Как-то на соседней скамье Макаров заметил девушку, одетую в простое ситцевое платье, в черных туфельках-лодочках. Девушка сидела неподвижно, повернувшись к нему спиной. Вдруг он заметил, что плечи ее судорожно вздрагивают.
— Что с вами? — подошел к ней Макаров. — Может быть, вы нездоровы?
Она подняла к нему мокрое от слез лицо, взглянула серыми, какими-то прозрачными глазами.
— Сейчас все пройдет, — торопливо ответила она. — Что-то такое подкатилось к сердцу, сама не понимаю.
Она вытерла лицо платочком, улыбнулась.
— Вот уже все прошло!
Так Макаров познакомился с Ниной Беловой.
Через несколько дней он вновь встретил ее в этом же скверике, проводил домой. Она жила на Гоголевской улице у своей родственницы Алены.
Немолодая, с бледным лицом и увядшими губами, Алена встретила его, как старого знакомого. Здесь же Макаров познакомился с завсегдатаем этой квартиры Анатолием Курлатовым, стройным и подтянутым, какого-то военного облика мужчиной. Он был одет в полувоенную форму, сапоги, брюки галифе и френч. Волосы его были разделены прямым аккуратнейшим пробором. Знакомясь с Макаровым, он щелкнул каблуками, сверкнул мелкими, хищными белыми зубами.
— Анатолий Курлатов. Из разночинцев. Профессор кислых щей и баварского пива. Он же изобретатель ваксы.
Заметив, что Макарова покоробил этот балаганный тон, он добавил с легким поклоном:
— А также волею судеб референт по полезным ископаемым! Давайте лучше выпьем!
Нина на этот раз была очень весела. Она взяла в руки гитару и пела цыганские песни, шевеля круглыми плечами, с которых сползал легкий белый платок. Она нравилась Макарову. Но почему-то, приходя на Гоголевскую, он испытывал странное чувство: казалось, будто он совершает какой-то неблаговидный поступок. Он бы и сам не мог дать себе отчета в том, почему ни единым словом не обмолвился своим товарищам о новом знакомстве.
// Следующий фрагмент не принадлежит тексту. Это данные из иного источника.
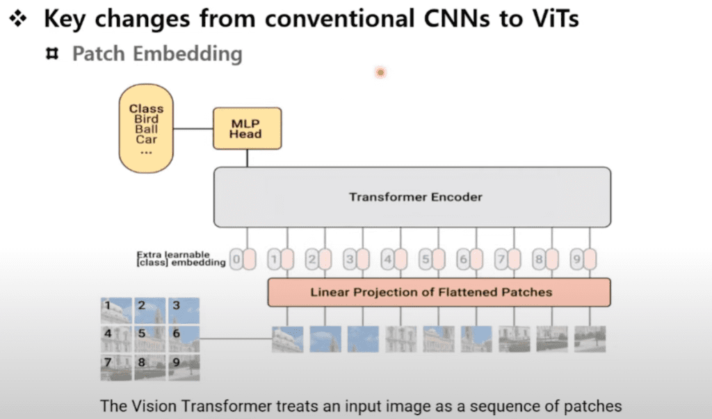 이런 부분들이 바뀌어서 이미지가 하나가 있으면 이 이미지를 잘게 조각을 낸 다음에 그 각각 잘게 조각을 낸 patch에서 특징을 추출하는 방식으로 shift화 되는 경향이 있다고 보시면 될 것 같습니다.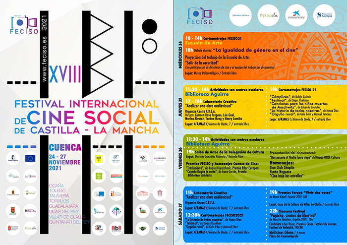 El Festival Internacional de Cine Social de Castilla-La Mancha (Festival FECISO) arranca su programación en Cuenca con la mujer como protagonista en distintas áreas cinematográficas (dirección, interpretación, producción, etc.). Bajo el epígrafe “La igualdad de gpe largometrajes y cortometrajes, debates abiertos o laboratorios creativosista en distintas rogramaciénero en el cine” y con un fuerte apoyo de las asociaciones locales y del tejido escolar de la localidad, desde mañana miércoles hasta el sábado, 27 de noviembre, esta cita con el cine social celebrará diversas actividades, la mayor parte de ellas gratuitas, como proyecciones de largometrajes y cortometrajes, debates abiertos o laboratorios creativos.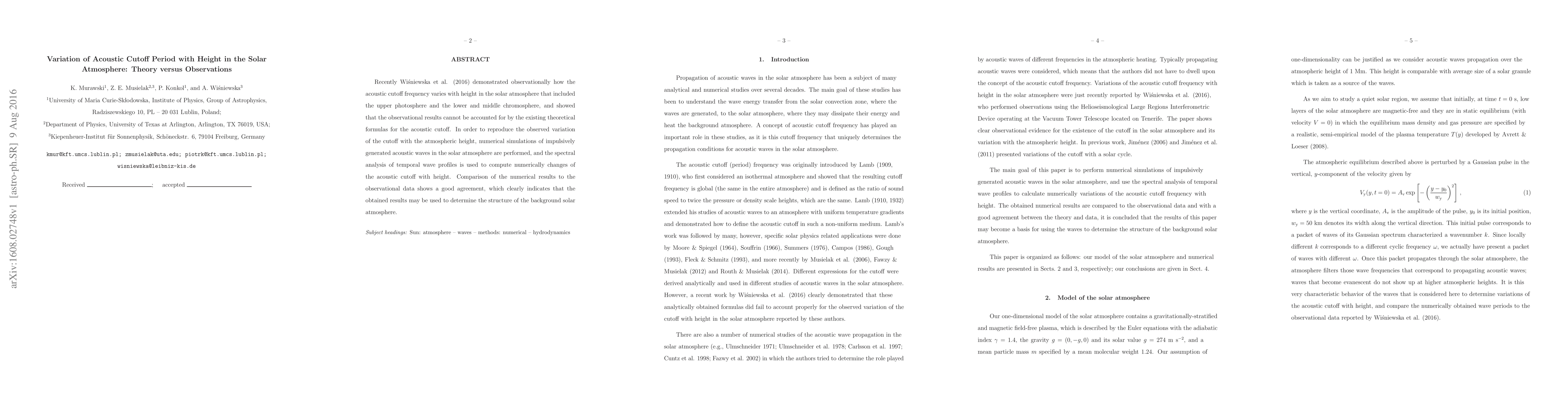 This paper investigates the variation of acoustic cutoff frequency with height in the solar atmosphere, comparing observational data from Wiśniewska et al. with theoretical models. Numerical simulations show good agreement with observations, suggesting improved methods for determining the solar atmosphere's structure.

Однажды, зайдя к Нине, он застал дома одну Алену. Она лежала на старенькой кушетке в неудобной позе, как-то изломанно забросив за голову обнаженную, худую руку. При входе Макарова она не переменила позы, а только внимательно поглядела на юношу.
— Хороший вы мальчик, — негромко заговорила она, укладываясь поудобней. — Вам нужно встретить на своем пути хорошую, чистую девушку. Нетронутую, как белая лилия! — Она чуть насмешливо улыбнулась своими бледными, порочными губами.
— А почему вы заговорили со мной об этом? — спросил Макаров.
Что-то в ее словах неуловимо напоминало ему его печальное объяснение с Юлией и ее матерью.
— Вы встречаетесь с Ниной, — спокойно продолжала Алена. — А этого делать не следует.
С ноги ее со стуком упал туфель. Она потянулась было за ним, затем равнодушно махнула рукой.
— Нине нужно устраивать свою судьбу, — лениво продолжала она. — А все эти лирические вздохи да охи могут только помешать ей.
Макаров мучительно покраснел и встал.
— Я должен понять это, как…
— Ничего не нужно понимать, голубчик, — торопливо перебила его Алена. — Вам нужно искать свою мечту… Свою белую лилию.
Макаров выбежал из комнаты. Лицо его пылало. На следующий день он выехал на участок.
— Как вы сюда попали? — повторил изумленный Макаров, когда он и Нина остались вдвоем.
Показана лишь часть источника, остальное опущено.